Operations management as a discipline has taken many shapes and forms in different industries over the years, but there is perhaps something unique that is discussed in software development operations, commonly referred to as DevOps. Many of these considerations around DevOps also apply to the related and increasingly interesting subset of problems that is MLOps, which is the field of Machine Learning Operations. So, what is unique about DevOps and the discussions of software development operations in this context?

Perceptions of DevOps Today And Contrasts with Traditional Industry Operations

One of the tweets I came across recently by a manager hiring for DevOps roles was this one, that sparked an outpouring of ideas from me. The entire thread is below, with the original tweet for context.

Popular understanding of DevOps seems to revolve around tools. Tools for managing code, workflows, and applications for helping with this or the other thing encountered in the context of software development workflows. Strangely enough, operations management in industries that are more established, such as the manufacturing industry, oil and gas or energy industry, or telecommunications tend to have the following sets of considerations:

  1. People considerations: From the hiring and onboarding of talent for the organization, to the development of these as productive employees, to employee exit. Operational challenges here may be the development of role definitions, establishing the right hierarchy or interactions for smooth operations, and ensuring that the right talent is attracted and retained in the organization.
  2. Process considerations:  All considerations spanning the actual process of value delivery, whereby the resources available to the organization are put to use to efficiently solve day-to-day problems and meeting customer requirements on an ongoing basis. Some elements of innovation and continual improvement would also fall into the ambit of the process management that’s part of Operations.
  3. Technology considerations: All considerations spanning the application of various kinds of technology ranging from the established and mundane, to the innovative and novel – all of these could be considered a part of technology management within Operations in traditional organizations.

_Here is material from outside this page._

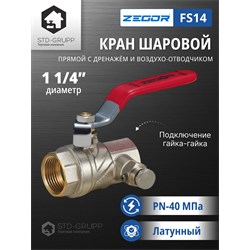 Кран шаровой латунный 1 1/4" (CW617N) полно проходной с дренажём и воздухоотводчиком ручка подключение гайка-гайка (РГГ). 8/32шт/уп.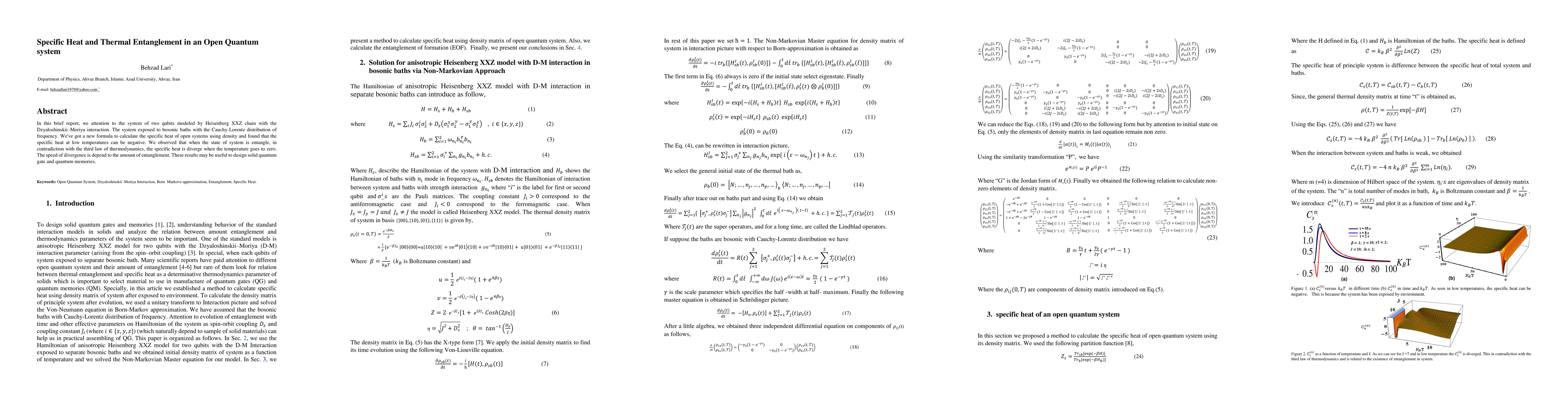 In this brief report, we attention to the system of two qubits modeled by Heisenberg XXZ chain with the Dzyaloshinskii Moriya interaction. The system exposed to bosonic baths with the Cauchy Lorentz distribution of frequency. We've got a new formula to calculate the specific heat of open systems using density and found that the specific heat at low temperatures can be negative. We observed that when the state of system is entangle, in contradiction with the third law of thermodynamics, the specific heat is diverge when the temperature goes to zero. The speed of divergence is depend to the amount of entanglement. These results may be useful to design solid quantum gate and quantum memories.

Anyone familiar with typical, product-centric or services-oriented software development organizations will observe that the above three considerations are spread out among other supporting functions of these organizations. Perhaps technically centred organizations with very specific engineering and development functions evolve this way, and perhaps there is research to show for this hypothesis. However, the fact remains that what is considered development operations doesn’t normally involve the hiring and development of talent for product/solution engineering or development, or the considerations around the specific technologies used and managed by the software developers. These elements seem to be subsumed by human resources and architects  respectively.

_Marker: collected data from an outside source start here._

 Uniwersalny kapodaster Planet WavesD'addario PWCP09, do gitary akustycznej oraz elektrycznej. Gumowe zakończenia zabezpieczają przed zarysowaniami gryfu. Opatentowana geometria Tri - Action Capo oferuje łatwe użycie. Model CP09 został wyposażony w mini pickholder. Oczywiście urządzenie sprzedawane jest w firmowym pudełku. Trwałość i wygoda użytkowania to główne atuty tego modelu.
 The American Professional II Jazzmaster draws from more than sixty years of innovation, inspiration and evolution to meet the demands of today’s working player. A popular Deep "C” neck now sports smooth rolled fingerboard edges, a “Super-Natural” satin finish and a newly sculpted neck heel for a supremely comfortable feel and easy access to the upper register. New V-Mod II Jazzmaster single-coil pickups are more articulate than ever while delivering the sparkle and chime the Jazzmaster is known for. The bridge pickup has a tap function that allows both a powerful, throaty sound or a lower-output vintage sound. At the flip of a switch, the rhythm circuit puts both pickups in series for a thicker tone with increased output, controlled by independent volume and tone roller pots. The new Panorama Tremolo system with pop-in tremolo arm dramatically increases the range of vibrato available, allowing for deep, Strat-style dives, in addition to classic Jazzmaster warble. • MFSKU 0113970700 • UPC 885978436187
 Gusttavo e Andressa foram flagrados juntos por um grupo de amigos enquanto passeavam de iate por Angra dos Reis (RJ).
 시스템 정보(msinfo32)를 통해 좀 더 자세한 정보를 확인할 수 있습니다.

Indeed, the diversification of roles in software development teams is so prolific that delivery managers (of the so-called Scrum teams) are rarely in charge of the development operations process. They’re usually owners for specific solution deliverables. The DevOps function has come to be seen as a combination of software development and tooling roles, with an emphasis on continuous delivery and code management. This isn’t necessarily a bad thing, and there is a need for such capablities  – arguably there is a need for specialists in these areas as well. But here’s the challenge many managers hiring mid-senior professionals for managing DevOps:

Cross Functional DevOps and Lean in Manufacturing Operations

When we have DevOps engineers and managers only interested in setting up pipelines for writing and managing code, rather than thinking holistically about how value is being delivered, and whether it is, we miss crucial opportunities for continuous improvement.

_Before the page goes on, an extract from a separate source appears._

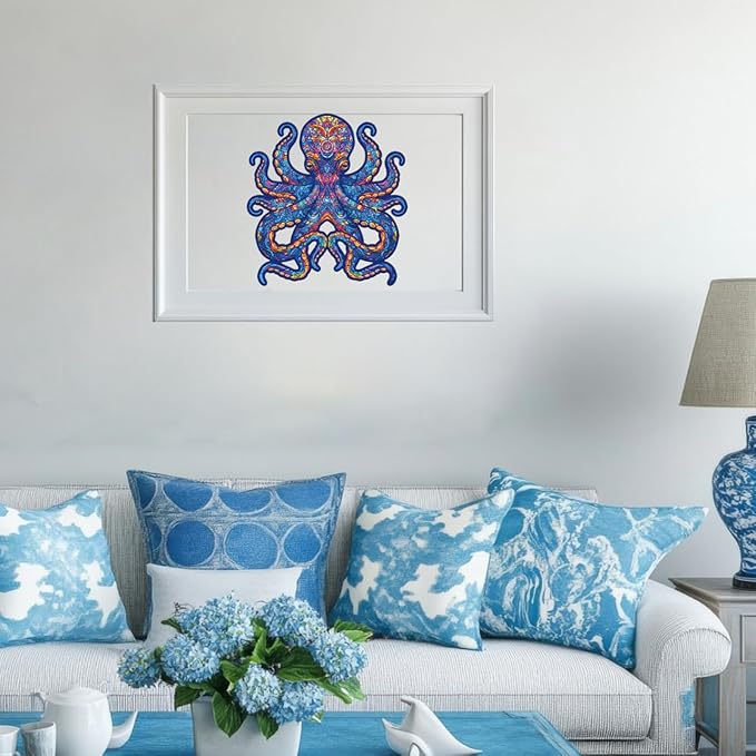 - HOME DECORATION: Turn the completed puzzle into a charming bedroom decoration to enhance your living space. It's not just a jigsaw puzzle, it's a stunning piece of art. Its multi-layered colorful tones and octopus theme, making it perfect for a beach house or any nautical inspired interior.

As someone who has worked in both manufacturing product development and software product development teams, I find that there needs to be a greater emphasis in software development organizations on cross-functional thinking, and cross-functional problem solving. While a lot of issues faced by developers and engineers in the context of product or solution development are solved by technical know-how and technical excellence, there are broader organizational considerations that fit into the people, process and technology focus areas, that are important to consider – and without such considerations, wise decisions cannot be taken. A lot of these decisions have to do with managing waste in processes – whether that is wasted effort, time or creativity, or technical debt we build up over time, or redundancy for that matter. The Lean toolbox, which originated from the manufacturing industry, provides us a ready reckoner for this, titled the “eight wastes in processes”: inventory, unused creativity, waiting, excess motion, transportation, overproduction, defects and overprocessing. Short of seeing all development activities through these “waste lenses”, we can use them as general guidelines for keenly observing the interactions between a developer, his tools, other developers, and code. Studying these interactions could yield numerous benefits, and perhaps such serious studies are common in some large enterprise DevOps contexts, but at least in the contexts I’ve seen, there’s rarely discussions of this nature with nuance and deep observation of processes.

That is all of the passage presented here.